▸ **ASSIGNMENT**: The copy should hold only the line containing "Mines and Geology" and the lines after it through the end of the material, each exact, with no pictures.

▸ **DATASET SECTION**:
------------------------------------------------------------

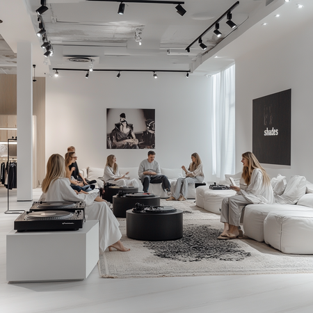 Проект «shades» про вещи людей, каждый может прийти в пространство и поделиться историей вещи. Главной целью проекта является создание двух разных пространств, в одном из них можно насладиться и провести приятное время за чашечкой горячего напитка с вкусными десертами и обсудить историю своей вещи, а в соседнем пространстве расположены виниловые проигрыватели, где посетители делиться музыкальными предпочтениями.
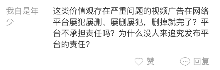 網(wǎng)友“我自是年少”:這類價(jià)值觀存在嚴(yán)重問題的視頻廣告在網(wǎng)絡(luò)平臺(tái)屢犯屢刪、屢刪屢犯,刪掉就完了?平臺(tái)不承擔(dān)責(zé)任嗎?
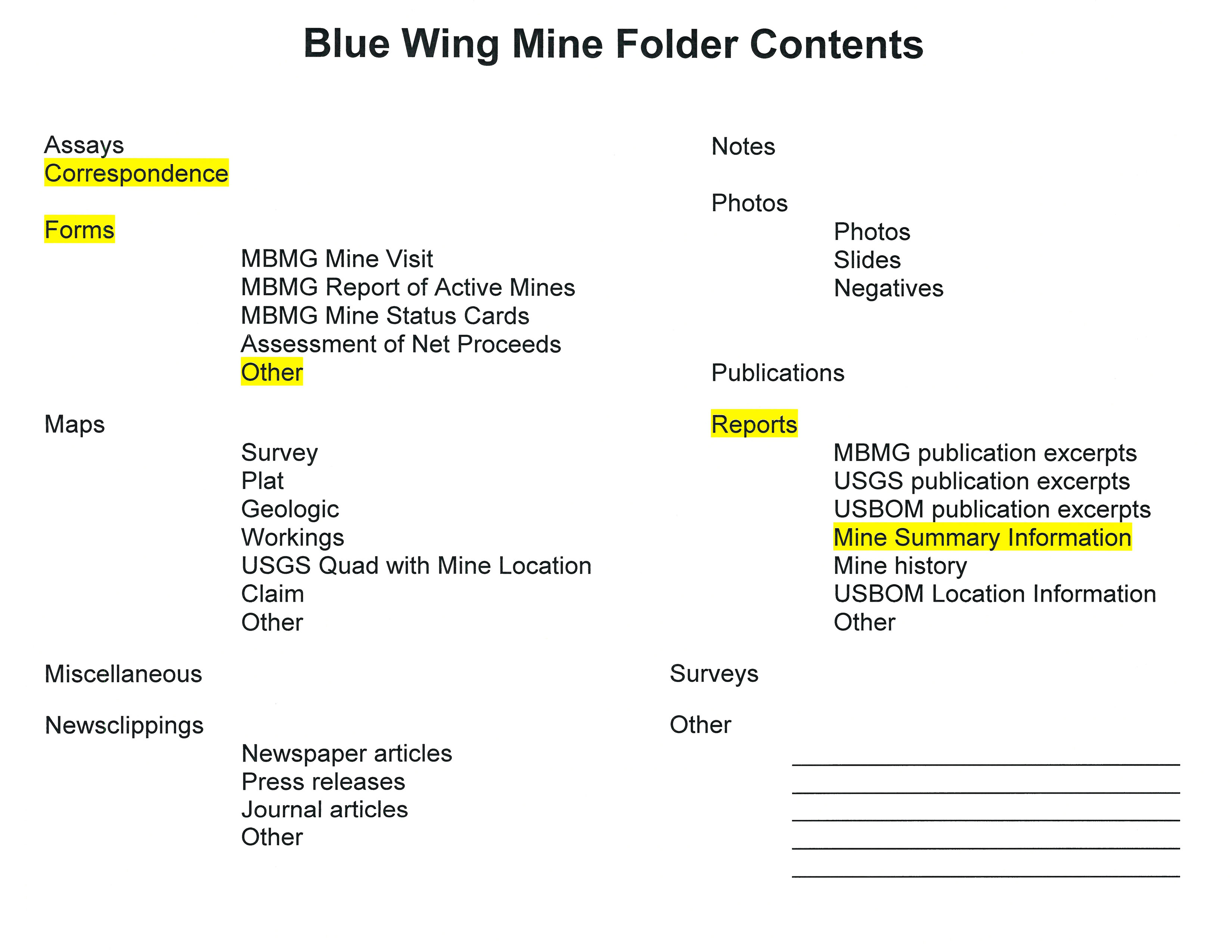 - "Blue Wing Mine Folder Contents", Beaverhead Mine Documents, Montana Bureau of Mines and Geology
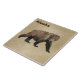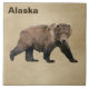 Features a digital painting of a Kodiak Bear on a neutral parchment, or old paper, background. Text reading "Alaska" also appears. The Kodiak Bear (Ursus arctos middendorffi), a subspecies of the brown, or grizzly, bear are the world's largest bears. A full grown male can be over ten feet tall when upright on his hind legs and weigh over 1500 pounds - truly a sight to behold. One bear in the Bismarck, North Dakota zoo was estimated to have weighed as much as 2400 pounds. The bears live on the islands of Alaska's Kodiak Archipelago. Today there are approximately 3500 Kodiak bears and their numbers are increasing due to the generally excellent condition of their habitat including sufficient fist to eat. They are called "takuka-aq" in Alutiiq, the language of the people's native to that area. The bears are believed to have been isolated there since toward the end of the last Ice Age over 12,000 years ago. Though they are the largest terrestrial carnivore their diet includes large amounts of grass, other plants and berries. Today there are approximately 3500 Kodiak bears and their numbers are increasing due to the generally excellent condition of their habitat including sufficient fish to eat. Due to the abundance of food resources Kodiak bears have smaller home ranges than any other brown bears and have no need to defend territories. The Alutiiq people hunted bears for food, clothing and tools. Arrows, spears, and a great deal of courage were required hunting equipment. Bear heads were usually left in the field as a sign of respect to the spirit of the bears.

------------------------------------------------------------

▸ **EXERCISE ANSWER**:
 - "Blue Wing Mine Folder Contents", Beaverhead Mine Documents, Montana Bureau of Mines and Geology
 Features a digital painting of a Kodiak Bear on a neutral parchment, or old paper, background. Text reading "Alaska" also appears. The Kodiak Bear (Ursus arctos middendorffi), a subspecies of the brown, or grizzly, bear are the world's largest bears. A full grown male can be over ten feet tall when upright on his hind legs and weigh over 1500 pounds - truly a sight to behold. One bear in the Bismarck, North Dakota zoo was estimated to have weighed as much as 2400 pounds. The bears live on the islands of Alaska's Kodiak Archipelago. Today there are approximately 3500 Kodiak bears and their numbers are increasing due to the generally excellent condition of their habitat including sufficient fist to eat. They are called "takuka-aq" in Alutiiq, the language of the people's native to that area. The bears are believed to have been isolated there since toward the end of the last Ice Age over 12,000 years ago. Though they are the largest terrestrial carnivore their diet includes large amounts of grass, other plants and berries. Today there are approximately 3500 Kodiak bears and their numbers are increasing due to the generally excellent condition of their habitat including sufficient fish to eat. Due to the abundance of food resources Kodiak bears have smaller home ranges than any other brown bears and have no need to defend territories. The Alutiiq people hunted bears for food, clothing and tools. Arrows, spears, and a great deal of courage were required hunting equipment. Bear heads were usually left in the field as a sign of respect to the spirit of the bears.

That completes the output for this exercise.